### What to produce
What are the lines from the top of the entries below through the line containing "Závod startuje ve"? Return them exactly, both ends included, without the pictures.

#### Information provided

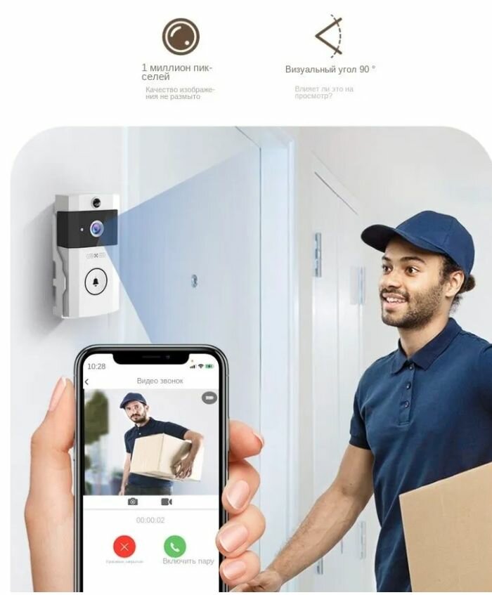 Звонок беспроводной дверной с камерой DECROSS U9 SMART, с датчиком движения интересное:
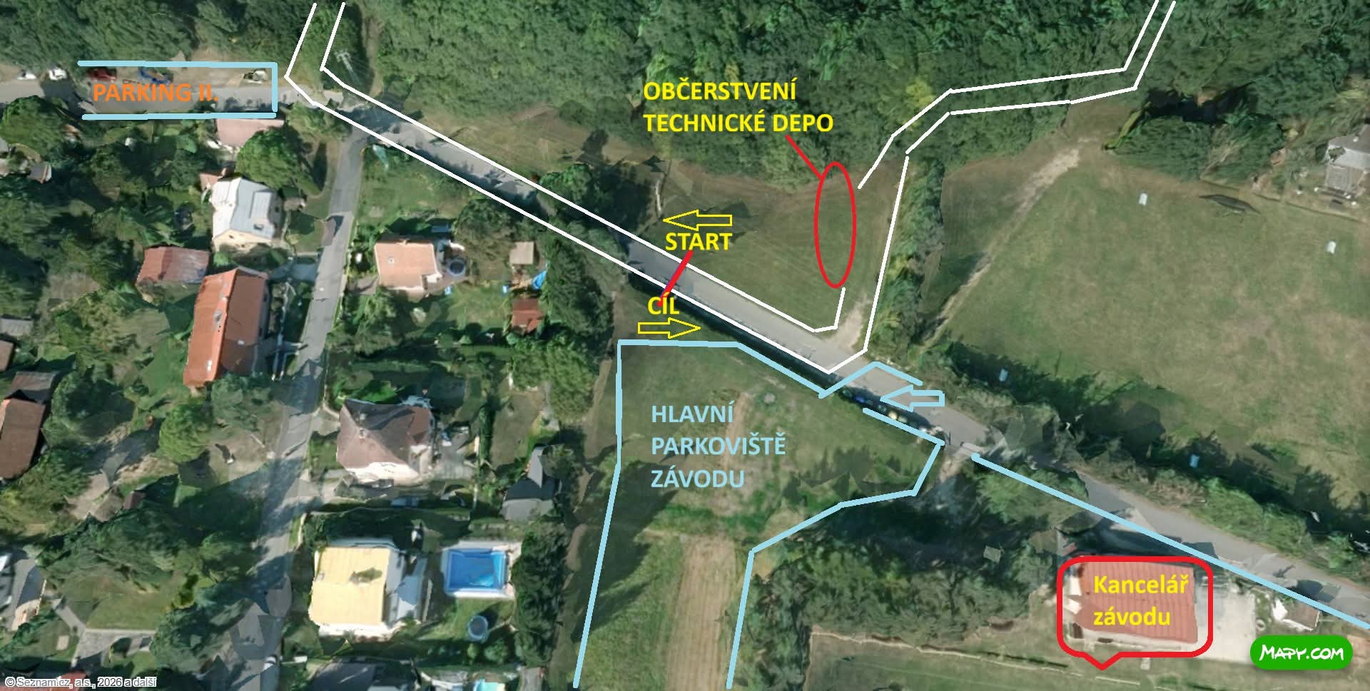 Závod startuje ve 13:00 na silnici u areálu TJ Sokola a pokračuje po lesních a polních cestách v okolí Jabkenic, Seletic, Ledců, Pěčic, Semčic a Kosořic.
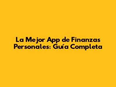 La Mejor App De Finanzas Personales: Guía Completa
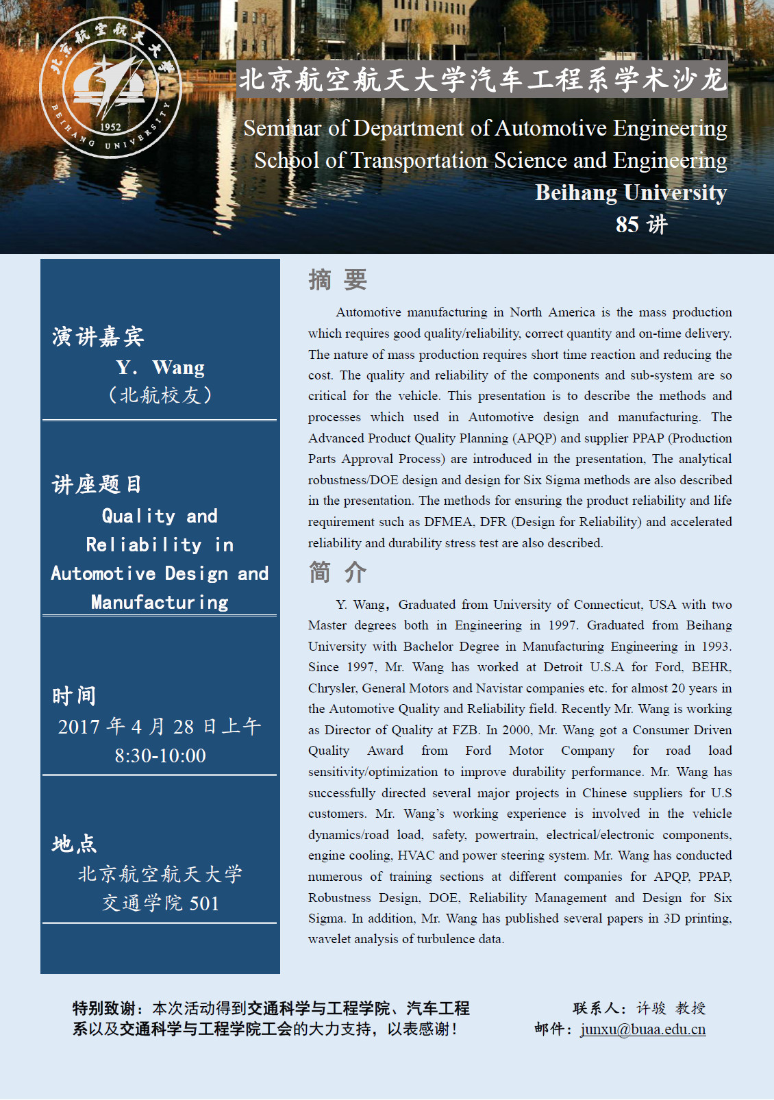 汽车工程系学术沙龙第85讲预告——Quality and Reliability in Automotive Design and Manufacturing
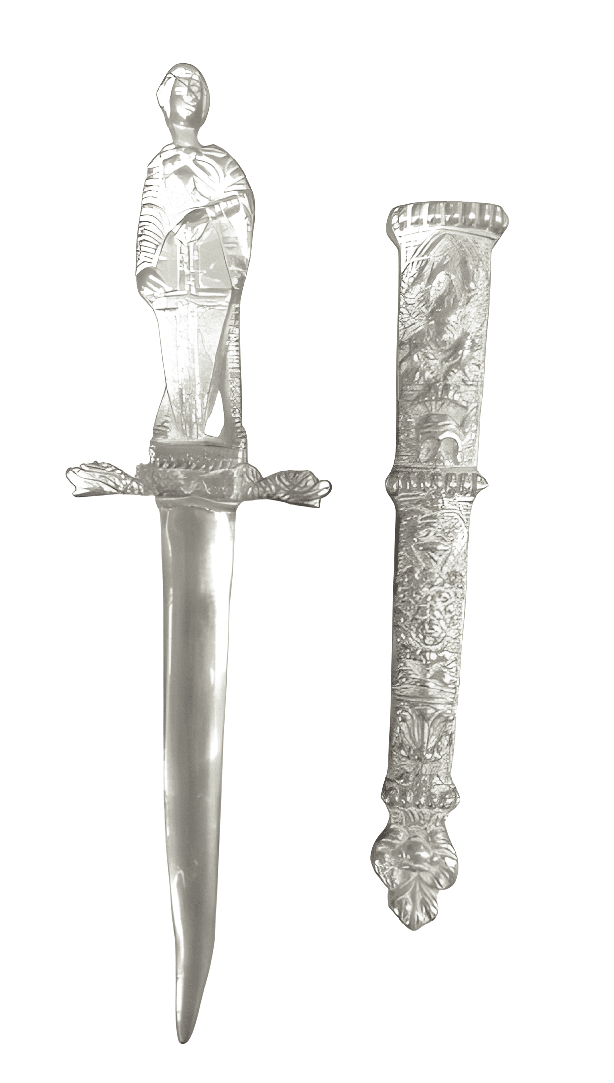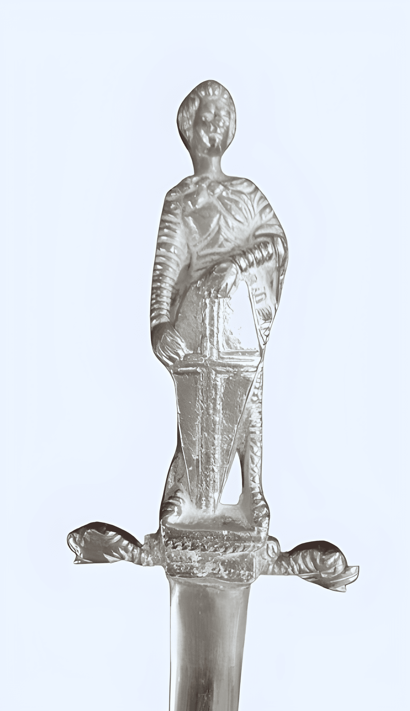 Daga realizada en bronce representando en la empuñadura a San Jorge (escultura de Donatello) del siglo XX.
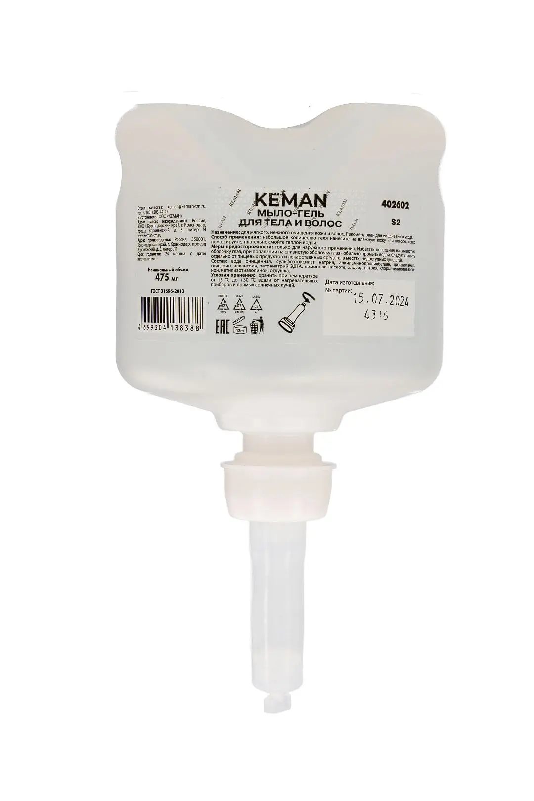 Кеман: Мыло-гель для душа 475мл для тела и волос бесцветное с отдушкой флакон S2
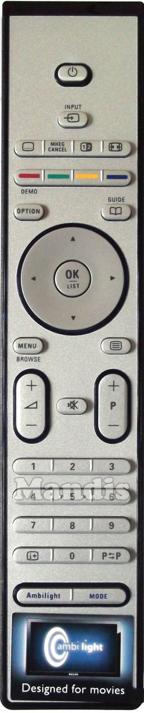 POWER, INPUT, [...], MHEG/Cancel, [1I2], [<>], RED/DEMO, GREEN, YELLOW, BLUE, OPTION, GUIDE, MENU/BROWSE, [=], OK/LIST, UP, DOWN, RIGHT, LEFT, VOL+, VOL-, P+, P-, MUTE, 1, 2, 3, 4, 5, 6, 7, 8, 9, 0, [i+], P↔P, AMBILIGHT, MODE
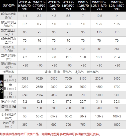 WNS系列全自動(dòng)燃油(燃?xì)猓┱羝崴仩t是一種臥式三回程火管鍋爐。其主要結(jié)構(gòu)由鍋殼、爐膽、轉(zhuǎn)向煙室、煙管等組成。鍋爐適用輕油、重油、天然氣、液化氣、城市煤氣等燃料。
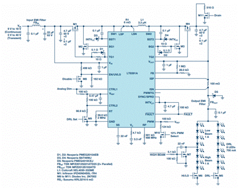 用于近光燈、遠光燈和DRL燈的LT8391A多光束LED車前燈組解決方案
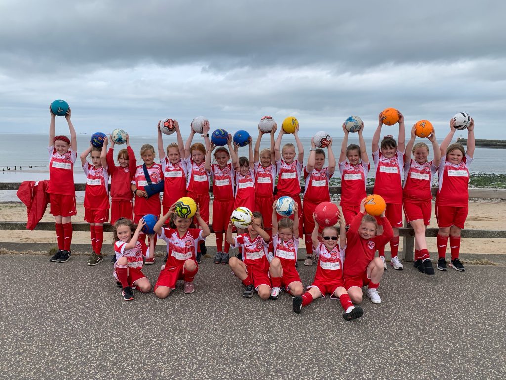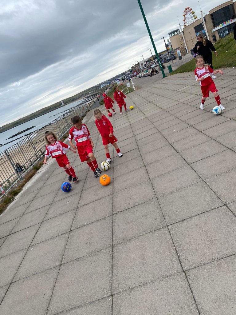 The U7 & U9 girls raised funds with a sponsored dribble on Sunday 18th July from Fittie to Bridge of Don and back again which is a total of 10k. The girls had a 10 mins break at the half way point and 5 mins break at 3/4 point on way back for a ice cream much to the delight of the girls and coaches.

########

### Response to the exercise
 Звонок беспроводной дверной с камерой DECROSS U9 SMART, с датчиком движения интересное:
 Závod startuje ve 13:00 na silnici u areálu TJ Sokola a pokračuje po lesních a polních cestách v okolí Jabkenic, Seletic, Ledců, Pěčic, Semčic a Kosořic.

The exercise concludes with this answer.